Try it: Could you retype, exactly and with no pictures, only the lines from the first line of the records below through the line that contains "野菜や魚介のうまみが溶け出た"?

Supplied data:
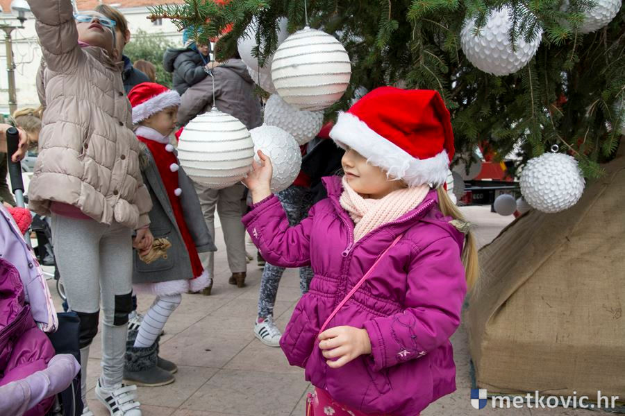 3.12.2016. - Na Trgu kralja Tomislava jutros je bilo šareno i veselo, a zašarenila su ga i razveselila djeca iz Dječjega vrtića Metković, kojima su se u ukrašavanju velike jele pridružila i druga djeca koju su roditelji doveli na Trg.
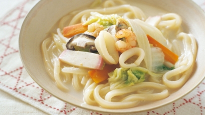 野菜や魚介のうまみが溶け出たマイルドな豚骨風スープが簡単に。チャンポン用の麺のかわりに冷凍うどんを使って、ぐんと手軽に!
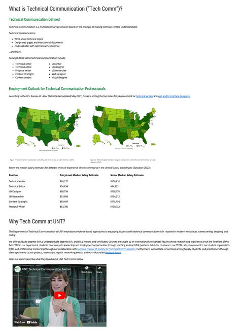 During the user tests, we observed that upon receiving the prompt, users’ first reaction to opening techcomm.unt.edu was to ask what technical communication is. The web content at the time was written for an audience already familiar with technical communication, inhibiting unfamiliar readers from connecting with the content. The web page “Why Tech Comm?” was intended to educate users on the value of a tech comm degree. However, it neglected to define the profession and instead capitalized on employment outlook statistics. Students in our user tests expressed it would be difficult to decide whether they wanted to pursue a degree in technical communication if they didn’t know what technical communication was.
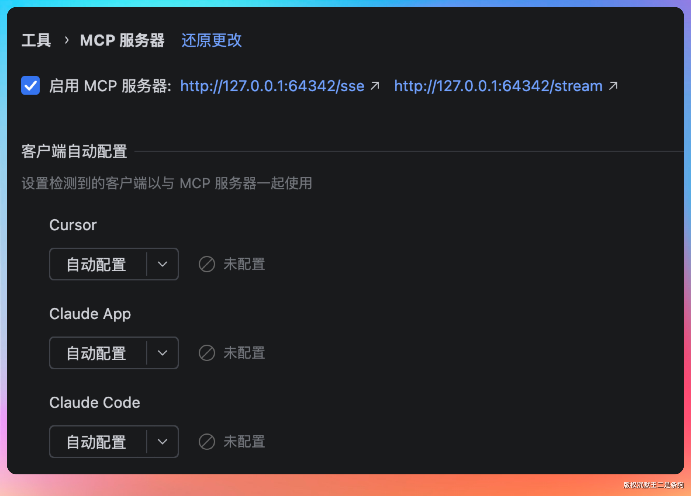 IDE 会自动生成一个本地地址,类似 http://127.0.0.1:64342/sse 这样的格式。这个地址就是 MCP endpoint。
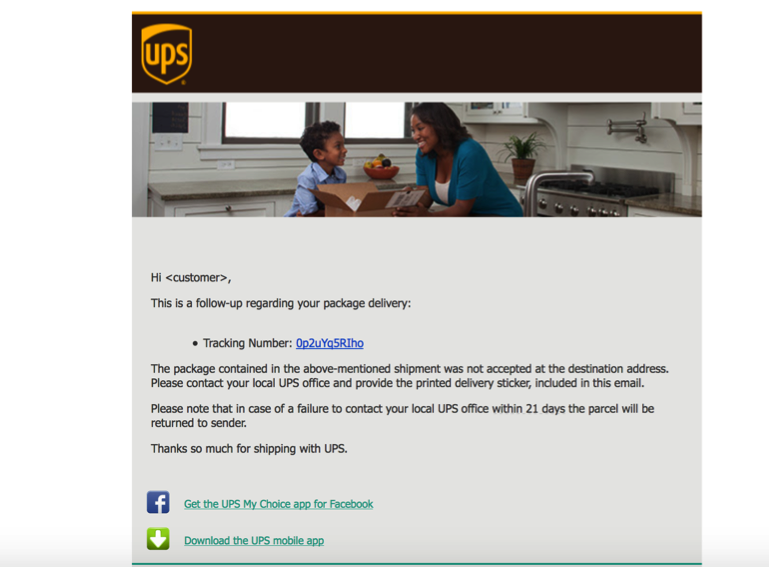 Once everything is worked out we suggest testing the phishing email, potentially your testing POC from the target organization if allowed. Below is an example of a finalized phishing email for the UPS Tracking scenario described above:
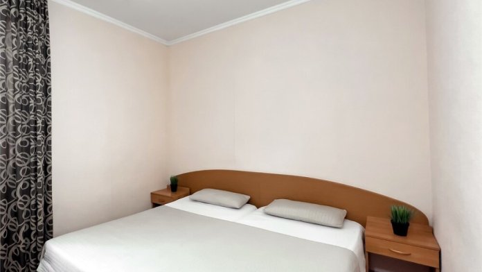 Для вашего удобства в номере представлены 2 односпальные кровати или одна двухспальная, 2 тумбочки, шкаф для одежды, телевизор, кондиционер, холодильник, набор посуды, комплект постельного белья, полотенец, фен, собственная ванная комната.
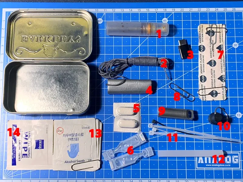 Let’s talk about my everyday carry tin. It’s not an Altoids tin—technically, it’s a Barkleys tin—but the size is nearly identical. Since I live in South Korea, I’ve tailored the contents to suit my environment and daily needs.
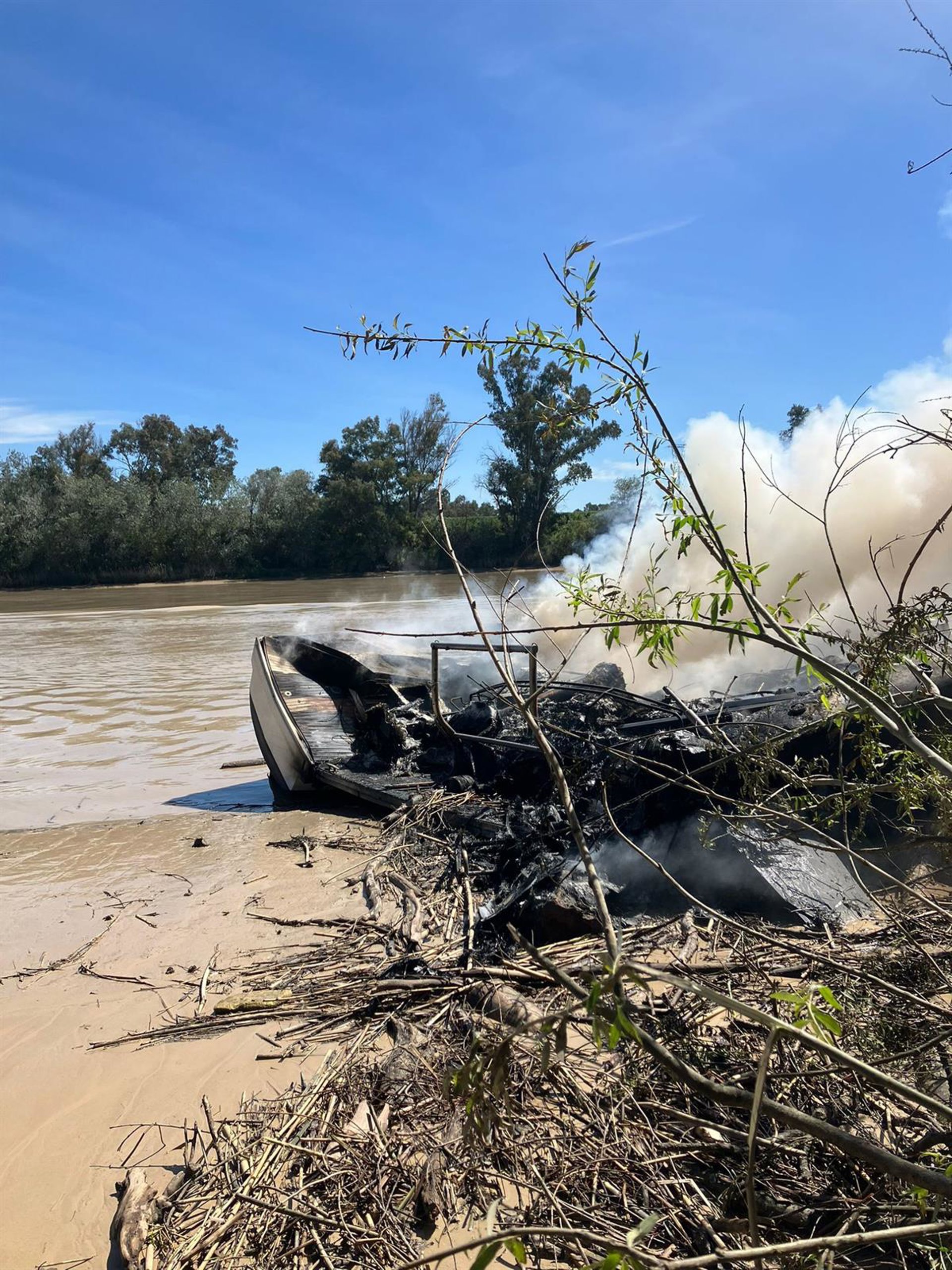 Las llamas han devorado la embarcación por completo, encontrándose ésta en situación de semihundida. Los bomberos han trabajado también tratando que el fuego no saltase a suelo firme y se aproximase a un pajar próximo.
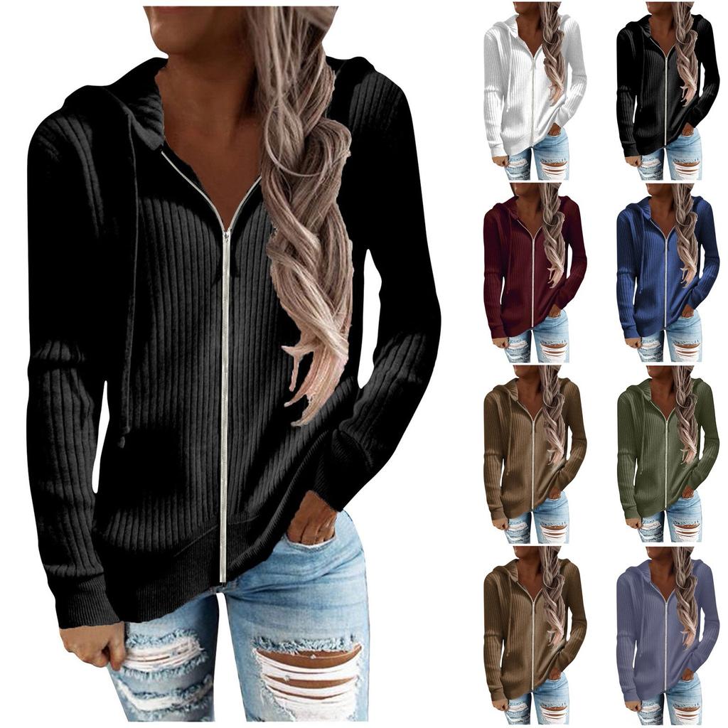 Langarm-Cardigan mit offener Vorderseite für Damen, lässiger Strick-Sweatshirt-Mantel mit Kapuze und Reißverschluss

Output below:
 3.12.2016. - Na Trgu kralja Tomislava jutros je bilo šareno i veselo, a zašarenila su ga i razveselila djeca iz Dječjega vrtića Metković, kojima su se u ukrašavanju velike jele pridružila i druga djeca koju su roditelji doveli na Trg.
 野菜や魚介のうまみが溶け出たマイルドな豚骨風スープが簡単に。チャンポン用の麺のかわりに冷凍うどんを使って、ぐんと手軽に!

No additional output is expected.